_Activity_
Exactly reproduce the lines from the line bearing "XLERATOReco XL-GR-ECO Hand" through the end of the listing, inclusive of both; pictures are to be omitted.

_Dataset extract_
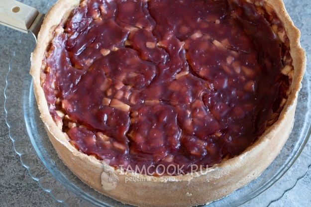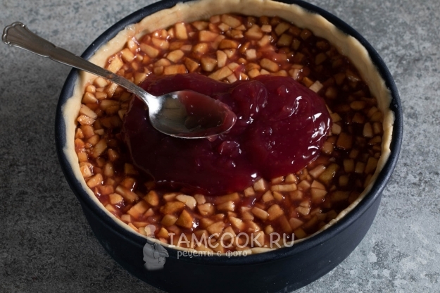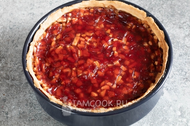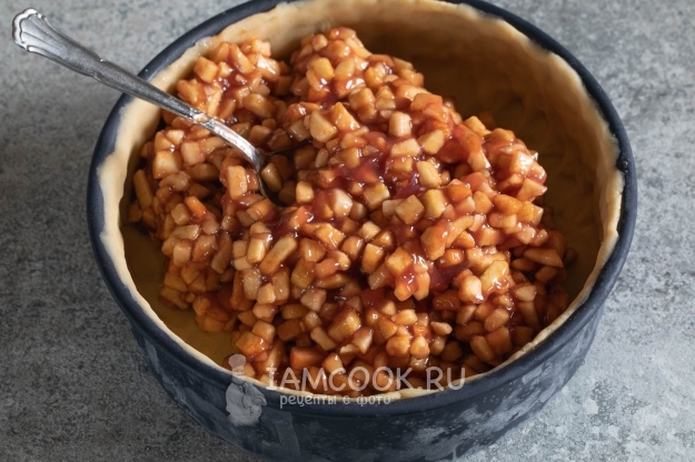 Извлекаем форму с тестом из морозилки, выкладываем в неё яблоки в пунше, разравниваем поверхность, чтобы стала гладкой.
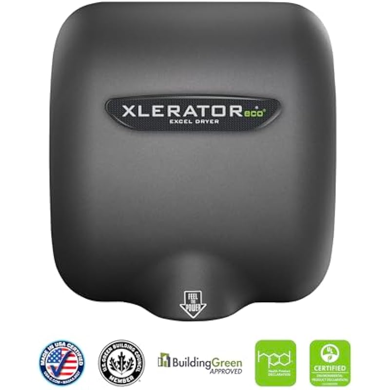 XLERATOReco XL-GR-ECO Hand Dryer, Excel Dryer, Automatic, Surface-Mounted, Cast Cover, Textured Graphite Epoxy Paint, 208-277 Volt Standard Nozzle
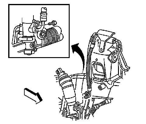 Notice: Clean the power steering gear inlet and outlet ports thoroughly of any debris. Failure to do so could result in contamination and damage to the power steering system components.

_Answer section_
 XLERATOReco XL-GR-ECO Hand Dryer, Excel Dryer, Automatic, Surface-Mounted, Cast Cover, Textured Graphite Epoxy Paint, 208-277 Volt Standard Nozzle
 Notice: Clean the power steering gear inlet and outlet ports thoroughly of any debris. Failure to do so could result in contamination and damage to the power steering system components.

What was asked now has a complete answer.